As with any study, this study has some limitations. One possible weakness is that the study focused on students’ perspective only. The lecturers’ opinions and contributions are also important and necessary in order to elucidate the ways in which online learning resources impact the student–lecturer relationship. Furthermore, details about the type of technology, websites and online resources were not collected and analysed, which can be valuable in the future research. Finally, this study used convenience sampling approach. Even though the sample size was large (1942 students), the study is limited by its participants, as students from specific universities were chosen.
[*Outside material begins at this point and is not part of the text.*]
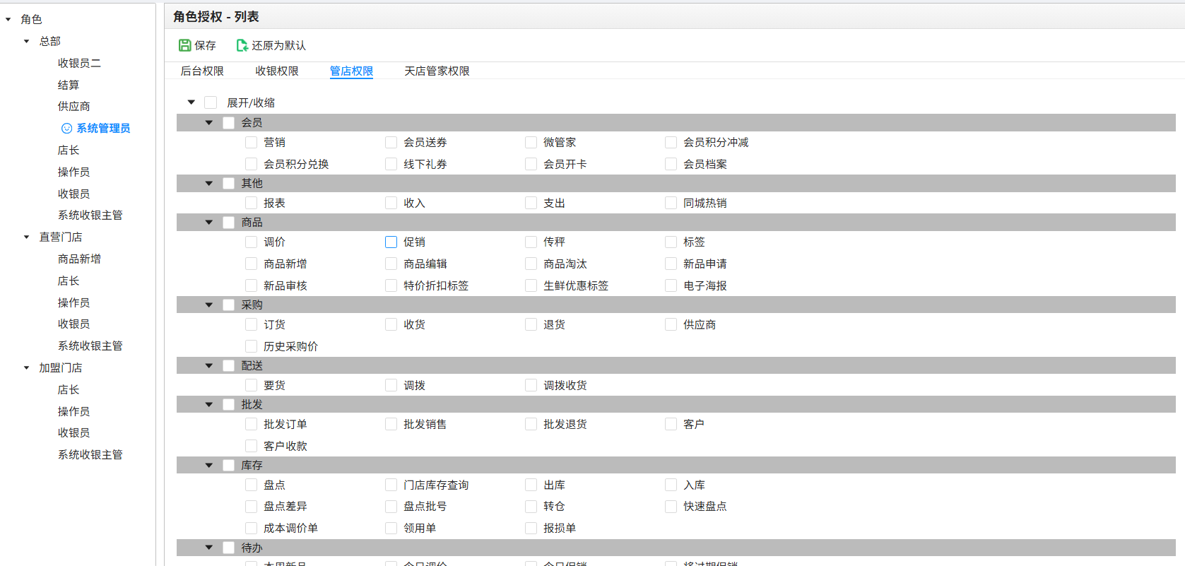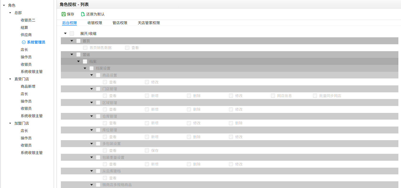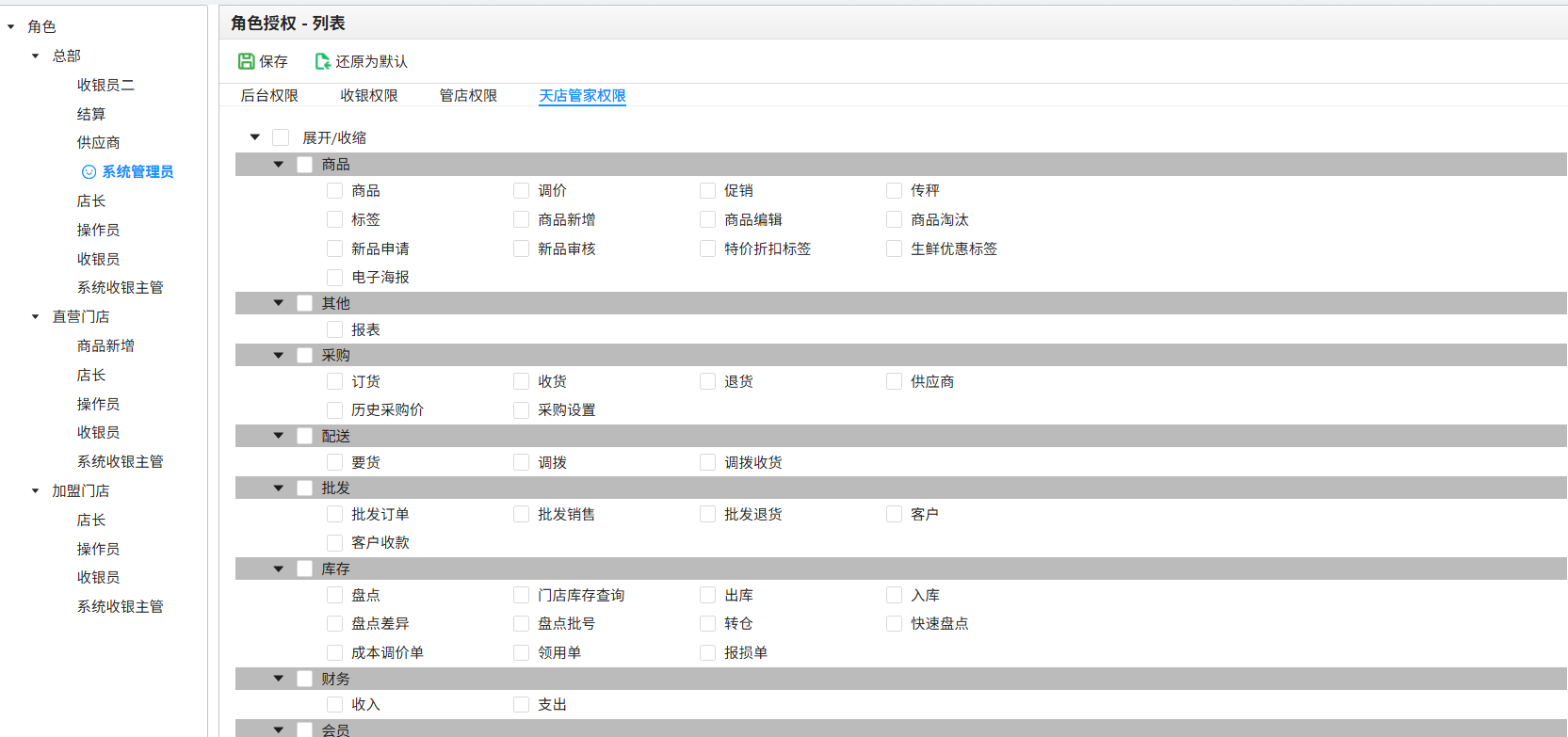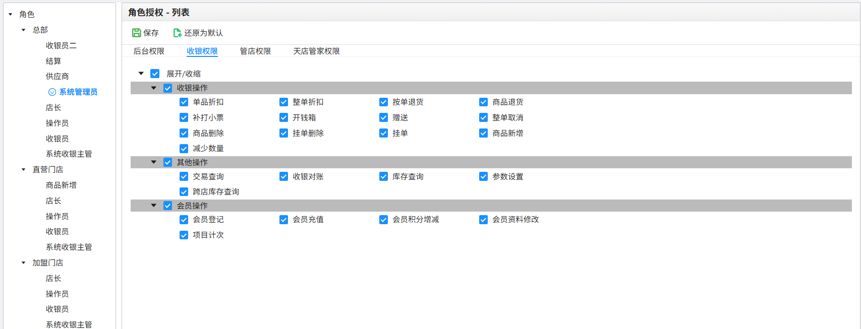 (1)总部:系统管理、店长、操作员、系统收银主管;

The research findings should therefore be generalised with caution.

This research provides a starting point for longer-term and larger-scale studies of the impact of access to knowledge online on the higher education sector. By studying the student–lecturer relationship, through the instruments and approaches discussed in this paper, it is possible both to assess the changing perspectives of students regarding higher education delivery and to provide guidance to lecturers on the changing needs and experiences of their students. Beyond this immediate benefit, there is a more fundamental issue also being considered through these measures, namely the viability and continued relevance of a lecturer-based educational delivery model for higher education. As more high-quality online provision is available to students outside of their studies, or for example through Massive Open Online Courses (MOOCs) or other similar initiatives, and as other educational sectors provide more material online, higher education institutions will need to review and respond to students’ study needs if they are to continue to remain relevant and valued by students. By monitoring and understanding student perspectives through the measures outlined above, institutions are therefore better placed to understand and adapt to this changing learning landscape.